Home > Social Issues, The Body Politic > Letter to the Editor: What is the price of justice? (In dollar terms)

Letter to the Editor: What is the price of justice? (In dollar terms)




FROM: 	"f.macskasy" 
SUBJECT: Letter to the ed
DATE: 	 Fri, 28 Feb 2014 11:52:01 +1300
TO: 	"Dominion Post" <letters@dompost.co.nz>

The Editor  
Dominion Post


Revelations that Peter Whittal's solicitor, Stuart Grieve,
made a $3.41 million payment to Crown Law in return for
dropping all charges in the Pike River Mine court case are
an incredible, jaw-dropping, new development for our
judicial system.

According to Mr Grieve's remarks on Radio NZ (27 Feb), it
would appear that the Solicitor General was involved in this
backroom deal making.

So for John Key to suggest, 

"My understanding is no, it was an unsolicited letter. They
looked at lots of different factors but in the end they
could have spent millions and millions and millions with the
lawyers and actually got nowhere - or practically make a
payment to the families, which made more sense."

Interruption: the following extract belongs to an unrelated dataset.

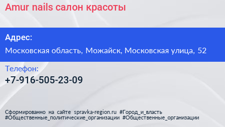 Amur nails, салон красоты по адресу Московская область, Можайск, Московская улица, 52 в дальнейшем Организация, размещена в следующих категориях: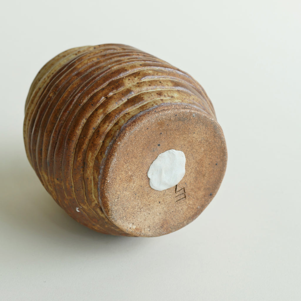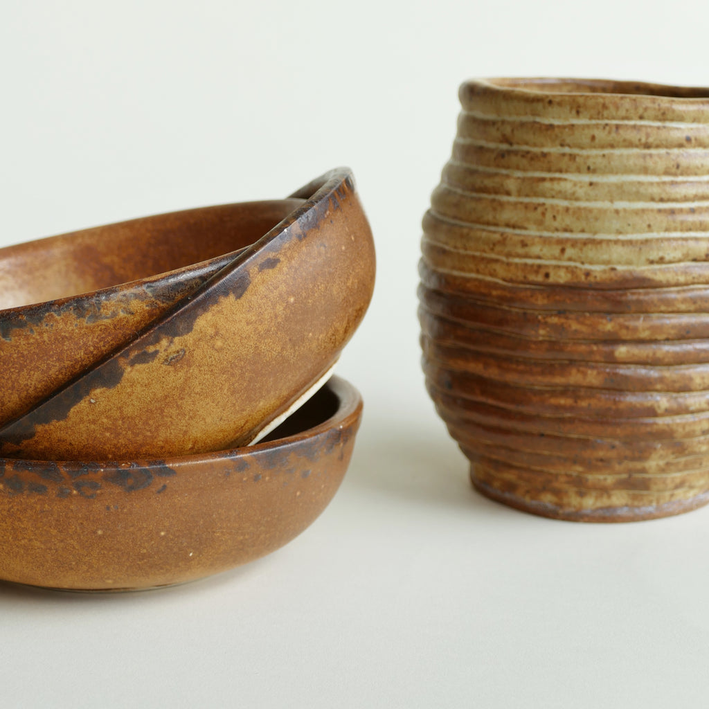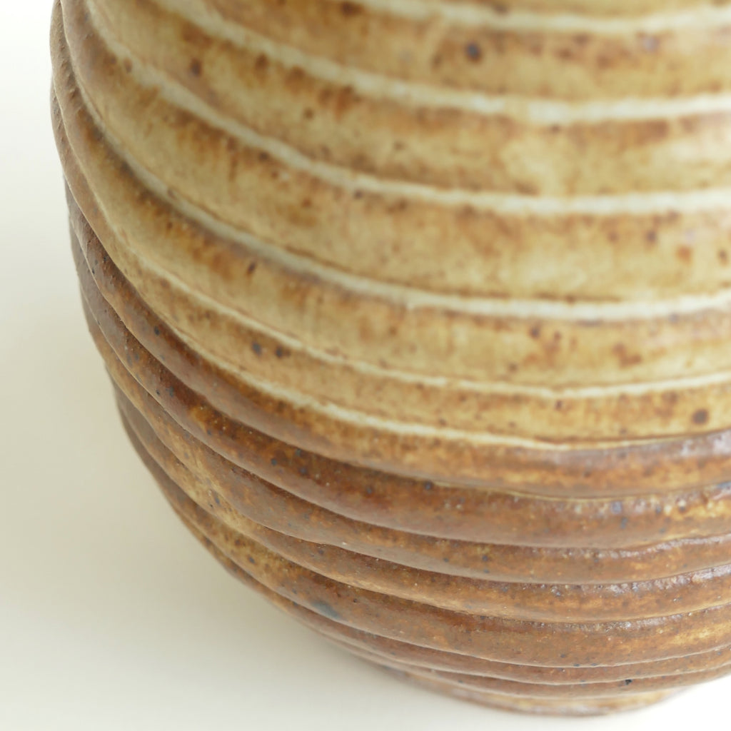 Handmade coil pot. Nice taupey color variation throughout; a great addition to a growing collection of neutral pottery.

- is a cynical attempt to trivialise a clearly dangerous
precedent that  undermines our justice system.

If justice can now be purchased in New Zealand, when will
John Key's government issue an Order in Council publishing a
tariff chart for payments to drop Court cases, calculated
according to the severity of charges? 

And will there be a bulk discount for multiple charges?

-Frank Macskasy
(address & phone number supplied)





Radio NZ:  Pike families convinced deal was done

Previous related blogposts

Purchasing “justice” on the New Zealand open market – did National sell Pike River victims out?



= fs =

  1. Dirk
    28 February 2014 at 1:04 pm

    Given the severity of the offense the tariff seems quite low. Perhaps this means even middle class offenders will be able to purchase their freedom for less than the cost of legal council. This will save offenders lots of money. That it leads to a further criminal behaviour will be a good thing as more funds will flow into government. Then Key can lower taxes on the rich again. And by paying barristers a commission on each tariff they will agree that it is easier than working. I am so glad that we have a pro business government streamlining things.

    • 28 February 2014 at 1:16 pm

      Dirk, your logic is frighteningly impeccable.

      Note to any National Party MPs or apparatchiks reading this – Dirk’s satirical remarks are not meant to be mistaken for policy.